The band was so impressed by being liked by JP, that in 1986 having
recorded an album in founder James Butler’s basement – amazingly
entitled “Strum and Drum” – and Peel concurred with the views of the
American music press who were extremely praiseworthy, lauding the album
as a ‘pop milestone’. They also referred to the Sex Clark Five as
“America’s most inexplicable band”. Peely was impressed by the fact
that there were 20 very short tracks on it, (some barely a minute
long), and having heard The Ramones and nearly all punk bands play he
once pronounced that “the three minute single is back” – he became
weary of the seventies 20+ minute tracks, particularly with a drum solo
incorporated.
The
band had been set up by school friends and guitarists James Butler,
Rick Storey, drummer Trick McKaha and vocalist Joy Johnson. McKaha
& Johnson left the band in 1993 & 1995 respectively.
Butler
continued to write the songs and the band had a small but devoted fan
base. The nineties found the band continuing to record, but they, like
a lot of others, found only the small labels with very few resources
willing to promote them. Their discography reveals that they have spent
a great proportion of their recordings, for Records to Russia records
In
the year 2000, Butler & Storey got together on ‘Crimson Panzer’

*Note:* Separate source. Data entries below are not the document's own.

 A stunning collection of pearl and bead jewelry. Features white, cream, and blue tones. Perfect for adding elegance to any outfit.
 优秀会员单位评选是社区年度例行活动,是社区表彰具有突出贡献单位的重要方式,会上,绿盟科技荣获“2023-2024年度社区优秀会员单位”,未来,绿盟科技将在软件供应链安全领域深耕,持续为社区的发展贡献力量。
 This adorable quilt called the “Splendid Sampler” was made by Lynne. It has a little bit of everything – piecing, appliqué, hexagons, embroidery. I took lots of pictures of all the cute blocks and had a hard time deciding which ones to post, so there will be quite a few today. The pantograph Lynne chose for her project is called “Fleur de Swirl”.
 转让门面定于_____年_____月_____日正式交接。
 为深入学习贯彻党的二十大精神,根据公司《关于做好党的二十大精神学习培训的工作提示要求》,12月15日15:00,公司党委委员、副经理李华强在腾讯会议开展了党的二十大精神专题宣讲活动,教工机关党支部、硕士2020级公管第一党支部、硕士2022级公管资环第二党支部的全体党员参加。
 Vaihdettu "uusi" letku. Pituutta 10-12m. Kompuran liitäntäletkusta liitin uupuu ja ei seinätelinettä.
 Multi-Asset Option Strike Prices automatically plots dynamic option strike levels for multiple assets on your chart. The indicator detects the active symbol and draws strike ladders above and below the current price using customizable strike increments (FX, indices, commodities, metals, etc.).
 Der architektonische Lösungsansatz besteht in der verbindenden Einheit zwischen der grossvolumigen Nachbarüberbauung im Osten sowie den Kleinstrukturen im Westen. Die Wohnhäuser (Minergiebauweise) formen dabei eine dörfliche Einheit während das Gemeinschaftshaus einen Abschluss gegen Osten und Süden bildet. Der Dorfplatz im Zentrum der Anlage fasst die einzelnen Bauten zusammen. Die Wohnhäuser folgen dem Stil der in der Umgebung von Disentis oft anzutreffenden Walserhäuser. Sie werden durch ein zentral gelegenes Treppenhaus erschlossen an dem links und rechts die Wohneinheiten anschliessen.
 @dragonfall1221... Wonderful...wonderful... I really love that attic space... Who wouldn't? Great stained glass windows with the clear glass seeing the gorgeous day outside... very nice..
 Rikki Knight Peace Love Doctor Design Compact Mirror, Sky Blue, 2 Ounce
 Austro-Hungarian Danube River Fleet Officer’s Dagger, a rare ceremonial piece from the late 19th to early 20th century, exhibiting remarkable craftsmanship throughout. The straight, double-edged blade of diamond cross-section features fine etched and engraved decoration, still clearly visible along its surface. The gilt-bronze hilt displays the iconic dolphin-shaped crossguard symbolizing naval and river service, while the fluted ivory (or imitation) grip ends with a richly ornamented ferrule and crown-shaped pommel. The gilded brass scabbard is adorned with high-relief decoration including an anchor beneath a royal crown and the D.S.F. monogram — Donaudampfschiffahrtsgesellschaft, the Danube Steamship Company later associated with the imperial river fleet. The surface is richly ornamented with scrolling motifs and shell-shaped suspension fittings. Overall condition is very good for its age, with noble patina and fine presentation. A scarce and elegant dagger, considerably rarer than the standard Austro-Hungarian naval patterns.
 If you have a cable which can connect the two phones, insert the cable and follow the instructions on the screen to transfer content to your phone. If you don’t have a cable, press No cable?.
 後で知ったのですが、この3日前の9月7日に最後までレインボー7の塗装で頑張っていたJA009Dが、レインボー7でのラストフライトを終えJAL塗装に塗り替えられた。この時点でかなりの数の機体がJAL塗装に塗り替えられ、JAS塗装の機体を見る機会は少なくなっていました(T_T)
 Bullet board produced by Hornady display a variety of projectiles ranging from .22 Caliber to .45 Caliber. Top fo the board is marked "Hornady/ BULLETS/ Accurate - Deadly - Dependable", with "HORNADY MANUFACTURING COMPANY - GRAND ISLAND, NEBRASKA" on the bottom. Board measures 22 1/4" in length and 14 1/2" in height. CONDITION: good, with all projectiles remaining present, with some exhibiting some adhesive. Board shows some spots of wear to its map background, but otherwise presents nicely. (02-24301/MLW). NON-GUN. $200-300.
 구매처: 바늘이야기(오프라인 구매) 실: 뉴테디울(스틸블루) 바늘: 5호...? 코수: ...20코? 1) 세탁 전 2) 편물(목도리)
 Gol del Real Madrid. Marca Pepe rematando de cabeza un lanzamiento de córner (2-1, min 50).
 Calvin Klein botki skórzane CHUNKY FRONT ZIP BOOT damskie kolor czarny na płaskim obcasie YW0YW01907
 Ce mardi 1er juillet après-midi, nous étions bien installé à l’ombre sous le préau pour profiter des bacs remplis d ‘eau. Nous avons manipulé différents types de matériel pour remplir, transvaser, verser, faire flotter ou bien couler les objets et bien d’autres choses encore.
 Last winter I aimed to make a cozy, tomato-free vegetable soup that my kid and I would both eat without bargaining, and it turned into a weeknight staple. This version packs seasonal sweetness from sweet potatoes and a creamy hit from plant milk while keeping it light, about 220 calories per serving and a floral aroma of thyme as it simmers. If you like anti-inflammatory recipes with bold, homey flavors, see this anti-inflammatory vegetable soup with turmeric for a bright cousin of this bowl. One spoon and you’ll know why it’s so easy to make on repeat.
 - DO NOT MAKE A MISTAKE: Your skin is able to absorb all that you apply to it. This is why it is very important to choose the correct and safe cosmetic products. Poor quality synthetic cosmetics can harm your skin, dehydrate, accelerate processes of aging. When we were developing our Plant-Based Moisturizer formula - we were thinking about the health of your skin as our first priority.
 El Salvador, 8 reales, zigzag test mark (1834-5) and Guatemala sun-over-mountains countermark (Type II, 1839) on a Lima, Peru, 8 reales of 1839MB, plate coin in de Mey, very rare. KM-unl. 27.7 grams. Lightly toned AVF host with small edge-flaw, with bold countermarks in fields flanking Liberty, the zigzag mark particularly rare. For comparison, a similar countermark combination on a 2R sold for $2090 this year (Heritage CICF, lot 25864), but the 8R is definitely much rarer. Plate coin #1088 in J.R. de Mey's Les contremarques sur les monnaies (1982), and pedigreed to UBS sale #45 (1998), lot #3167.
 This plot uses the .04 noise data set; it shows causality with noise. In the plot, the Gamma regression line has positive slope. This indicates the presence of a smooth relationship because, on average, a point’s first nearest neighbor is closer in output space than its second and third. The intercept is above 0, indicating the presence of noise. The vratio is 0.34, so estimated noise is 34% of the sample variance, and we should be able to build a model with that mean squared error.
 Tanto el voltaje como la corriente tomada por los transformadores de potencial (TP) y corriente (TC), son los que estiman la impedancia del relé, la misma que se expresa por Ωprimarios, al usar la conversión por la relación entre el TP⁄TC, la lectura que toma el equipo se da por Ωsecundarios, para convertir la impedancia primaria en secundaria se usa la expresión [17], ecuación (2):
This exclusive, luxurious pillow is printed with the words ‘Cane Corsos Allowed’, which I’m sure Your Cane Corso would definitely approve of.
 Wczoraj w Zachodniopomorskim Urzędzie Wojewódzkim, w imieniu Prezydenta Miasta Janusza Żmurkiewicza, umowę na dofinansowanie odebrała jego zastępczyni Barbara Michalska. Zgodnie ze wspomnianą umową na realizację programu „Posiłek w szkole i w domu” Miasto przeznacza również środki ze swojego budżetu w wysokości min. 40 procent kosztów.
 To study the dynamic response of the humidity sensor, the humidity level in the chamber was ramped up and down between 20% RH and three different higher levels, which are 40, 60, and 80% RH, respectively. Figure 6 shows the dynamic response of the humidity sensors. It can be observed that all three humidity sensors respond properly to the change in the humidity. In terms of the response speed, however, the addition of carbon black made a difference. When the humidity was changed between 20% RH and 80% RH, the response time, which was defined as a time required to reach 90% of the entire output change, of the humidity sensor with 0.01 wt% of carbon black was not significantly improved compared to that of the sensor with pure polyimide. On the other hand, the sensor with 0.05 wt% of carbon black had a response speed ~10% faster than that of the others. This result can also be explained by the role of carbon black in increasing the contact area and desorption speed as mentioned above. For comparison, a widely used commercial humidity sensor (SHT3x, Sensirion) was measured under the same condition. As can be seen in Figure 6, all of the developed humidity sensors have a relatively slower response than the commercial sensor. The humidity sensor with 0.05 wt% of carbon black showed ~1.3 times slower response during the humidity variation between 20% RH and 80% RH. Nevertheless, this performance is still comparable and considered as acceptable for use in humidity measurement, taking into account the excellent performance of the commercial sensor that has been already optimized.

with McKaha temporarily re-joining the band for this – this appeared
almost exclusively on Peely’s programme. You’ve heard the expression
before, but I guess that in real terms they were “unsung heroes”. A bit
of a case like Northern Ireland’s Would Be’s who I wrote about, a couple of months ago...... a talented band that never quite made it.
Devotees
of the band would argue that they must have been doing something
right, by the fact that in 2020, Captured Tracks Records remastered
& released ‘Strum & Drum’ as a double album, (albeit with a
slight alteration to the title – they called it ‘Strum & Thrum!)
with a few tracks added to the original version. This week I am
requesting lex to play Alai from the original ‘Strum & Drum’ album.